I. CANNES AND ST. HONORAT 31

II. CARNIVAL ON THE CORNICE 44

III. TWO PIRATE TOWNS OF THE RIVIERA 59

IV. THE WINTER RETREAT 71

V. SAN REMO 79

THE POETRY OF WEALTH 93

LAMBETH AND THE ARCHBISHOPS 107

CHILDREN BY THE SEA 167

THE FLORENCE OF DANTE 181

BUTTERCUPS 198

ABBOT AND TOWN 211

HOTELS IN THE CLOUDS 241

AENEAS: A VERGILIAN STUDY 257

TWO VENETIAN STUDIES:--

I. VENICE AND ROME 289

II. VENICE AND TINTORETTO 300

THE DISTRICT VISITOR 313

THE EARLY HISTORY OF OXFORD 329

THE HOME OF OUR ANGEVIN KINGS 359

CAPRI 383

CAPRI AND ITS ROMAN REMAINS 395

THE FEAST OF THE CORAL-FISHERS 414

A BROTHER OF THE POOR.

There are few stiller things than the stillness of a summer's noon such

as this, a summer's noon in a broken woodland, with the deer asleep in

the bracken, and the twitter of birds silent in the coppice, and hardly

a leaf astir in the huge beeches that fling their cool shade over the

grass. Afar off a gilded vane flares out above the grey Jacobean gables

of Knoll, the chime of a village clock falls faintly on the ear, but

there is no voice or footfall of living thing to break the silence as I

turn over leaf after leaf of the little book I have brought with me from

the bustle of town to this still retreat, a book that is the record of a

broken life, of a life "broken off," as he who lived it says of another,

"with a ragged edge."

It is a book that carries one far from the woodlandstillness around

into the din and turmoil of cities and men, into the misery and

degradation of "the East-end,"--that "London without London," as some

one called it the other day. Few regions are more unknown than the Tower

Hamlets. Not even Mrs. Riddell has ventured as yet to cross the border

which parts the City from their weltering mass of busy life, their

million of hard workers packed together in endless rows of monotonous

streets, broken only by shipyard or factory or huge breweries, streets

that stretch away eastward from Aldgate to the Essex marshes.
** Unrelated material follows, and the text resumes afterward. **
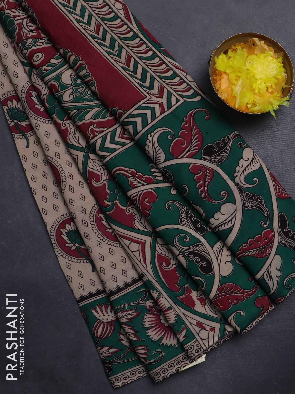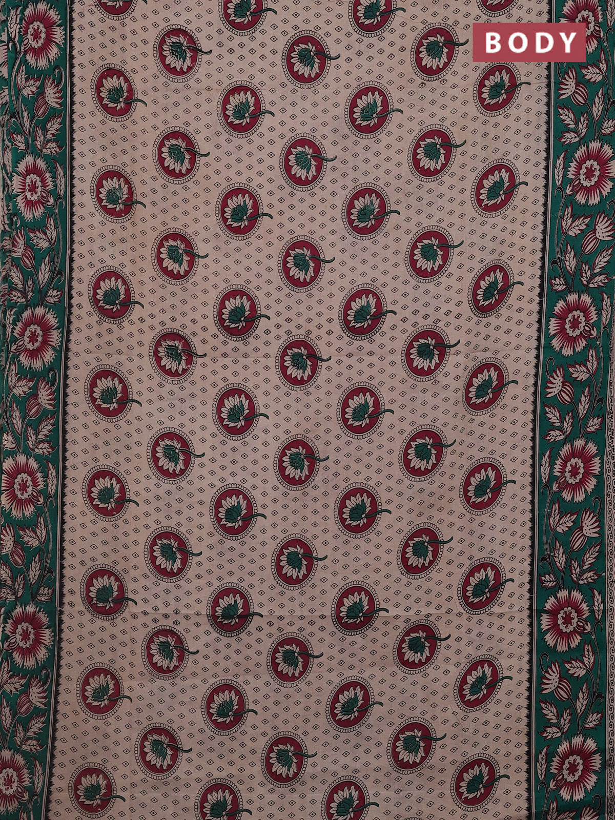 Kalamkari cotton saree beige and teal green with butta prints and printed border

And yet,

setting aside the poetry of life which is everywhere, there is poetry

enough in East London; poetry in the great river which washes it on the

south, in the fretted tangle of cordage and mast that peeps over the

roofs of Shadwell or in the great hulls moored along the wharves of

Wapping; poetry in the "Forest" that fringes it to the east, in the few

glades that remain of Epping and Hainault,--glades ringing with the

shouts of school-children out for their holiday and half mad with

delight at the sight of a flower or a butterfly; poetry of the present

in the work and toil of these acres of dull bricks and mortar where

everybody, man woman and child, is a worker, this England without a

"leisure class"; poetry in the thud of the steam-engine and the white

trail of steam from the tall sugar refinery, in the blear eyes of the

Spitalfields weaver, or the hungering faces of the group of labourers

clustered from morning till night round the gates of the docks and

watching for the wind that brings the ships up the river: poetry in its

past, in strange old-fashioned squares, in quaint gabled houses, in grey

village churches, that have been caught and overlapped and lost, as it

were, in the great human advance that has carried London forward from

Whitechapel, its limit in the age of the Georges, to Stratford, its

bound in that of Victoria.

Stepney is a belated village of this sort; its grey old church of St.

Dunstan, buried as it is now in the very heart of East London, stood

hardly a century ago among the fields. All round it lie tracts of human

life without a past; but memories clusterthickly round "Old Stepney,"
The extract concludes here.